• Prompt: Output the records exactly, and drop each picture.

Data extracted from a collection:

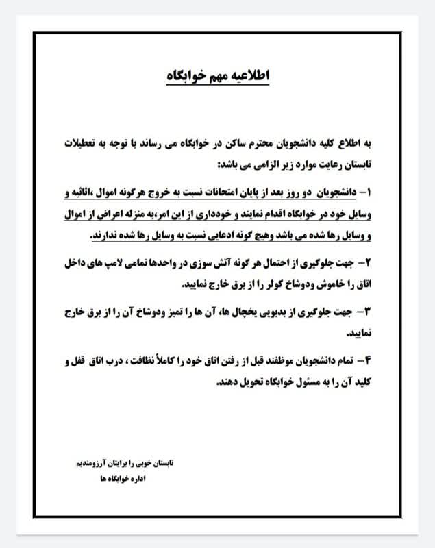 اطلاعیه تعطیلی و تخلیه خوابگاه ها
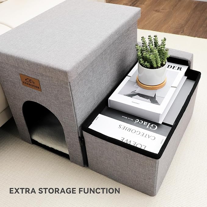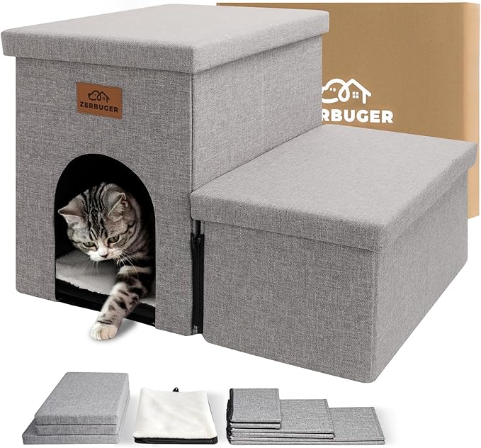 - 🐾【3-IN-1 DOG STAIRS AND CONDO】: These Zerbuger pet stairs not only provide a stable and cozy place for your pet to rest, but also serve as a convenient storage area for your pet's clothes, toys, or any other supplies. The pet steps are covered with removable lids, Every steps are designed as storage boxes.
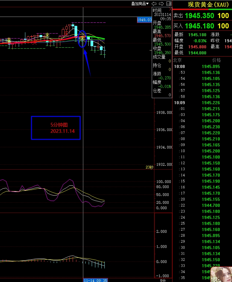 消息面:来看据CME“美联储观察”:美联储12月维持利率在5.25%-5.50%区间不变的概率为85.7%,加息25个基点至5.50%-5.75%区间的概率为14.3%。到明年1月维持利率不变的概率为73.3%,累计加息25个基点概率为24.6%,累计加息50个基点概率为2.1%。今晚需关注CPI的具体公布情况。
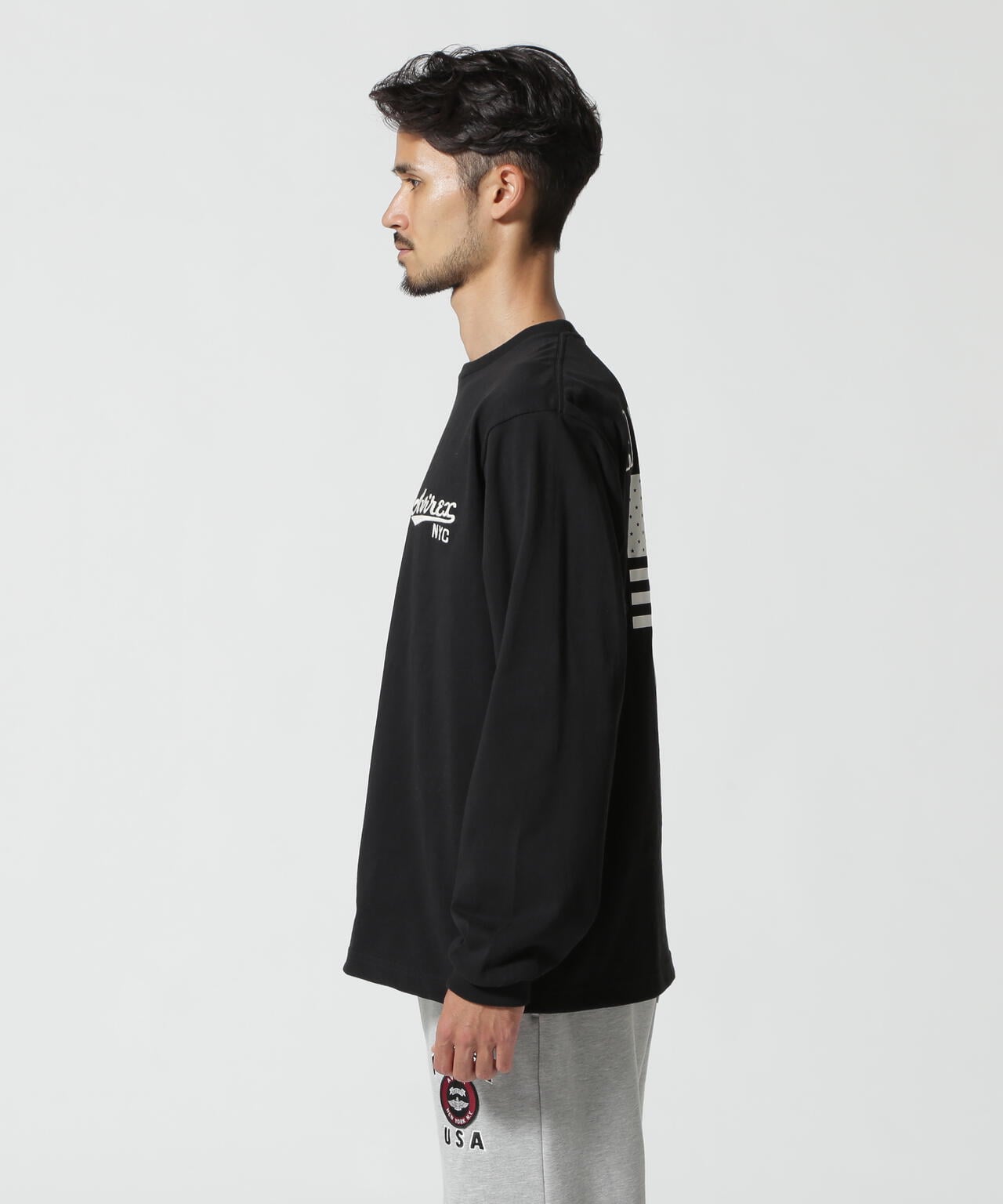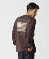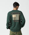 商品詳細・オリジナルで作成したコットン天竺素材を使用したロングスリーブTシャツ・左胸元にスクリプトデザインのブランドロゴを刺繍で配置・バックにはブランドロゴを刺繍アップリケで立体的表現し、プリントで星条旗を配した立体感のあるデザイン・右裾にピスネームを配置・レギュラーフィットシルエット・ブラック、ホワイト、ダークブラウン、ダークグリーンの4色展開
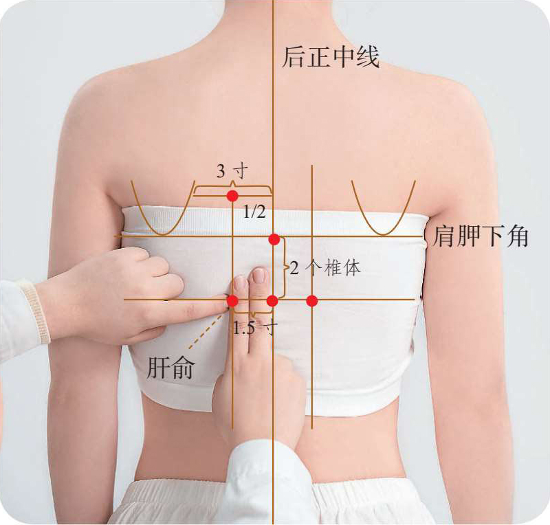 操作: 温和灸或温灸器灸肝俞穴,每次灸 20分钟左右,每日 1次
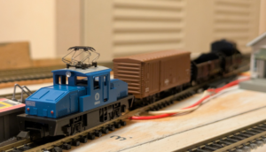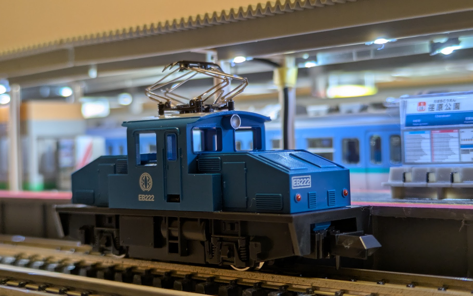 動力は非常にスムーズでヌルヌルと走ります。ただ、トラクションタイヤはついていないので、貨車を多数連結して急こう配はツライものがあります。(空転して進めない)
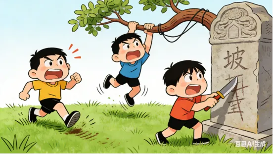 踩草坪、攀树枝、刻古迹
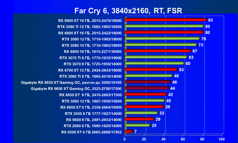 | 07 | RX 6650 XT 8 ГБ, 2523—2683/17500 | 46 | 230 | 50 000 |
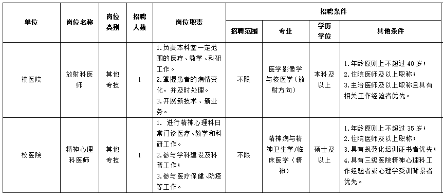 (六)年齡、學歷要求、崗位條件。詳見《西北工業(yè)大學醫(yī)院2022年春季其他專技崗位公開招聘》(上圖)。
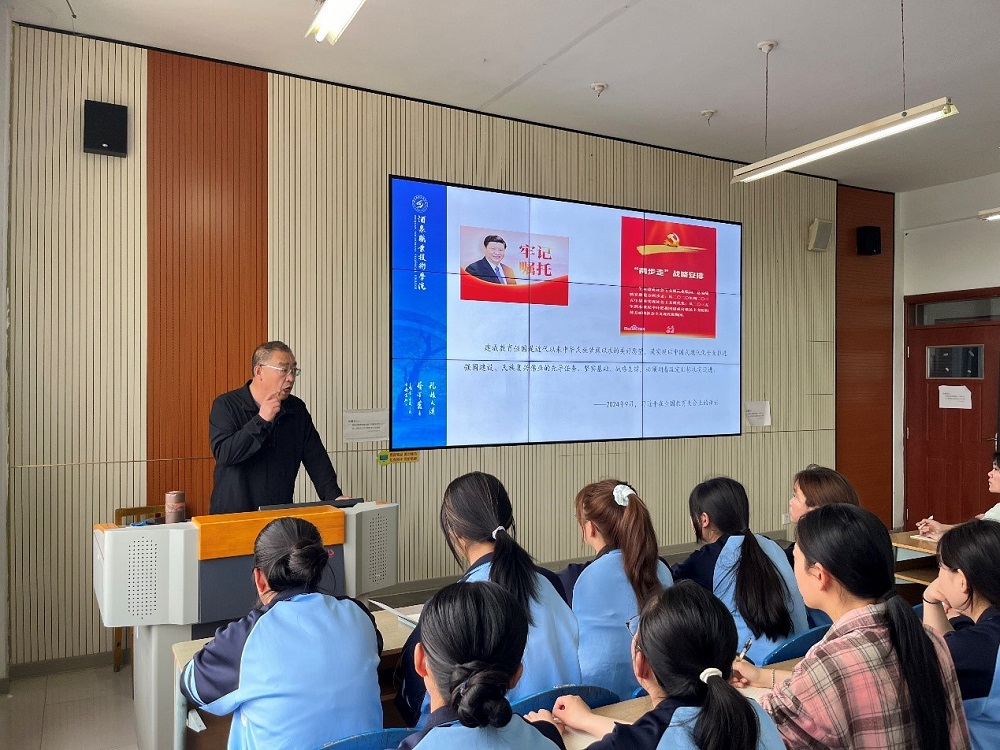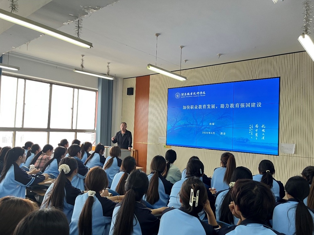 2025年5月14日,酒泉职业技术大学党委副书记、校长许军走进课堂,为2024级酒店管理与数字化运营专业的同学们带来了一堂意义深远的《形势与政策》课程。本次课程以 “加快职业教育发展,助力教育强国建设” 为主题,从回顾与分析、此岸与彼岸、使命与担当三个部分展开,为同学们清晰勾勒出职业教育的发展脉络,明确了大家在教育强国建设征程中的责任与方向。

• Completed task:
 اطلاعیه تعطیلی و تخلیه خوابگاه ها
 - 🐾【3-IN-1 DOG STAIRS AND CONDO】: These Zerbuger pet stairs not only provide a stable and cozy place for your pet to rest, but also serve as a convenient storage area for your pet's clothes, toys, or any other supplies. The pet steps are covered with removable lids, Every steps are designed as storage boxes.
 消息面:来看据CME“美联储观察”:美联储12月维持利率在5.25%-5.50%区间不变的概率为85.7%,加息25个基点至5.50%-5.75%区间的概率为14.3%。到明年1月维持利率不变的概率为73.3%,累计加息25个基点概率为24.6%,累计加息50个基点概率为2.1%。今晚需关注CPI的具体公布情况。
 商品詳細・オリジナルで作成したコットン天竺素材を使用したロングスリーブTシャツ・左胸元にスクリプトデザインのブランドロゴを刺繍で配置・バックにはブランドロゴを刺繍アップリケで立体的表現し、プリントで星条旗を配した立体感のあるデザイン・右裾にピスネームを配置・レギュラーフィットシルエット・ブラック、ホワイト、ダークブラウン、ダークグリーンの4色展開
 操作: 温和灸或温灸器灸肝俞穴,每次灸 20分钟左右,每日 1次
 動力は非常にスムーズでヌルヌルと走ります。ただ、トラクションタイヤはついていないので、貨車を多数連結して急こう配はツライものがあります。(空転して進めない)
 踩草坪、攀树枝、刻古迹
 | 07 | RX 6650 XT 8 ГБ, 2523—2683/17500 | 46 | 230 | 50 000 |
 (六)年齡、學歷要求、崗位條件。詳見《西北工業(yè)大學醫(yī)院2022年春季其他專技崗位公開招聘》(上圖)。
 2025年5月14日,酒泉职业技术大学党委副书记、校长许军走进课堂,为2024级酒店管理与数字化运营专业的同学们带来了一堂意义深远的《形势与政策》课程。本次课程以 “加快职业教育发展,助力教育强国建设” 为主题,从回顾与分析、此岸与彼岸、使命与担当三个部分展开,为同学们清晰勾勒出职业教育的发展脉络,明确了大家在教育强国建设征程中的责任与方向。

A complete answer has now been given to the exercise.